Early Warning for Security Exposure Management integration
The Early Warning for Security Exposure Management integration, powered by Armis, enriches the Unified Security Exposure Management (USEM) with vulnerability intelligence of imminent exploit, enabling your security team to prioritize and patch vulnerabilities months before threat actors weaponize them.
The Early Warning for Security Exposure Management integration pulls a curated list of Common Vulnerabilities and Exposures (CVEs) into Unified Security Exposure Management, enriching vulnerability records with threat intelligence validated through honeypot activity, Open Source Intelligence Framework (OSINT), and Armis research. This enrichment enables security teams to prioritize vulnerabilities before public disclosure and coordinate response through established vulnerability management workflows.
When Early Warning matters
Early Warning shifts vulnerability management from reactive crisis to strategic advantage - detecting which vulnerabilities threat actors are actively trying to exploit.
Without early warning: When a vulnerability is published, threat actors can exploit it within hours. Your team patches reactively under pressure, often with inadequate testing and high risk of failure.
With early warning: Your team has months to test patches, coordinate across regions, validate against your systems, and deploy during planned maintenance windows.

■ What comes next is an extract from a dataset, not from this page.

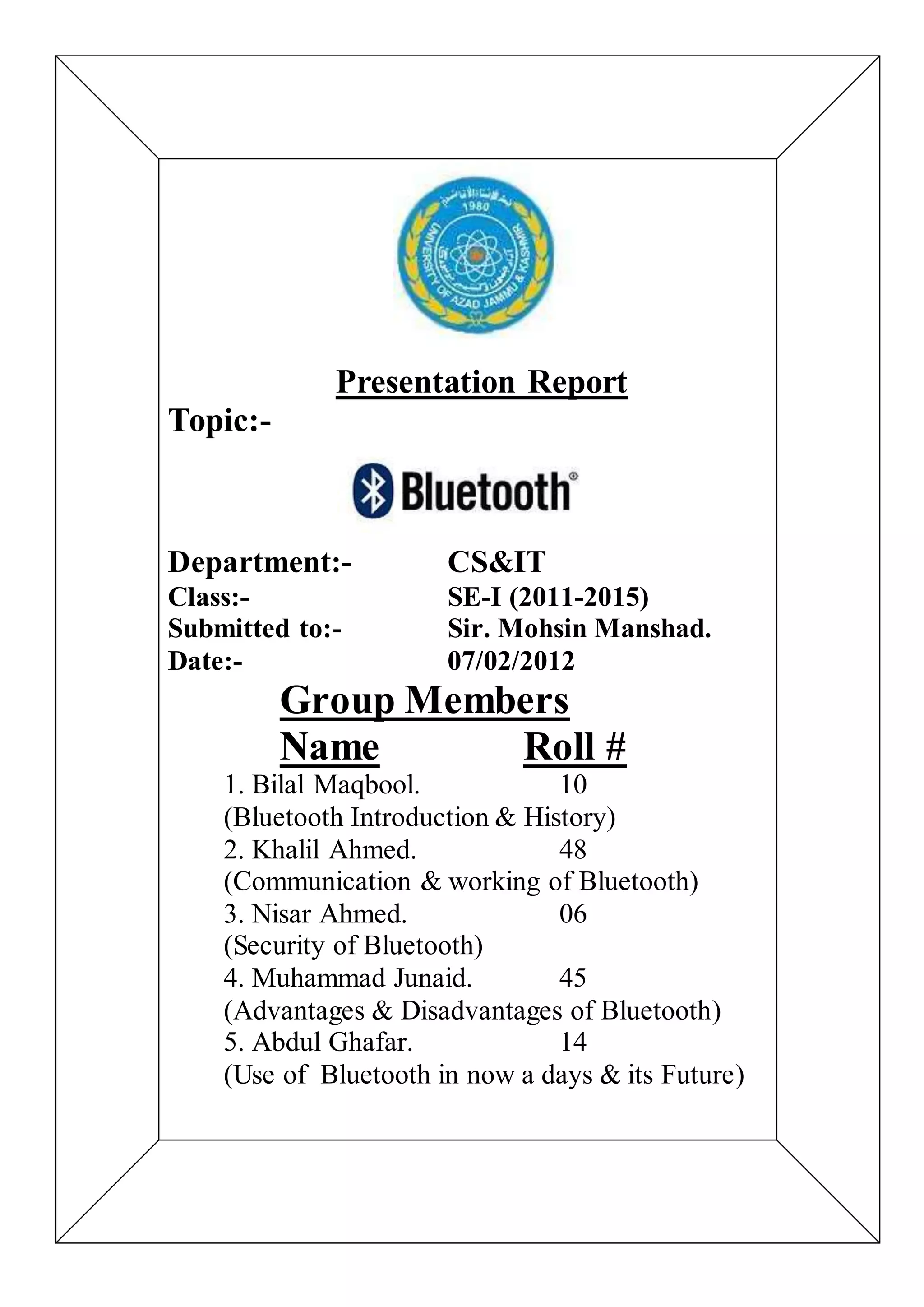 This presentation report summarizes a group presentation on Bluetooth technology. The report includes an introduction, contents listing, and sections on Bluetooth history, communication and connection, implementation, and key concepts. A group of 5 students presented on various aspects of Bluetooth, including its introduction and history, communication workings, security, advantages and disadvantages, current and future uses.

You patch proactively, not in crisis mode.
- Legacy systems and industrial controls (ICS/SCADA): Systems that can't be rebooted quickly or easily patched. Early warning provides time for safe, planned updates instead of emergency changes that risk production downtime.
- Healthcare systems: Patient care equipment and Electronic Health Record (EHR) systems require validation before patching. Early warning allows time to coordinate updates during low-patient-census windows without disrupting care.
- Manufacturing and operations: Downtime costs millions per hour. Early warning allows time to plan patches during scheduled maintenance windows instead of emergency shutdowns.
- Financial services and payment systems: Patch windows are scheduled in advance. Early warning ensures patches are tested and ready to deploy when the window arrives, instead of scrambling on the deployment day.
- Multi-region enterprises: Complex environments with factories, offices, or data centers across regions take time to coordinate. Early warning provides the runway to test and deploy across all sites safely.
- Regulated industries: Compliance auditors want to see proactive vulnerability management, not reactive patch-and-pray. Early warning demonstrates a prevention-first security posture.
- High-value targets: Organizations subject to nation-state or sophisticated cyber attacks. Early warning closes the window where you're undefended before threat actors act.
In these scenarios, detecting exploits before public disclosure allows safe, coordinated patching instead of reactive, high-risk emergency updates.
How Early Warning integrates with USEM
- Early Warning detects that threat actors are planning to exploit CVE-XXXX.
- USEM receives early warning signal and automatically elevates the priority of that CVE in your inventory.
- Your team prioritizes patching this vulnerability ahead of others, even if severity scores don't reflect the real-world threat.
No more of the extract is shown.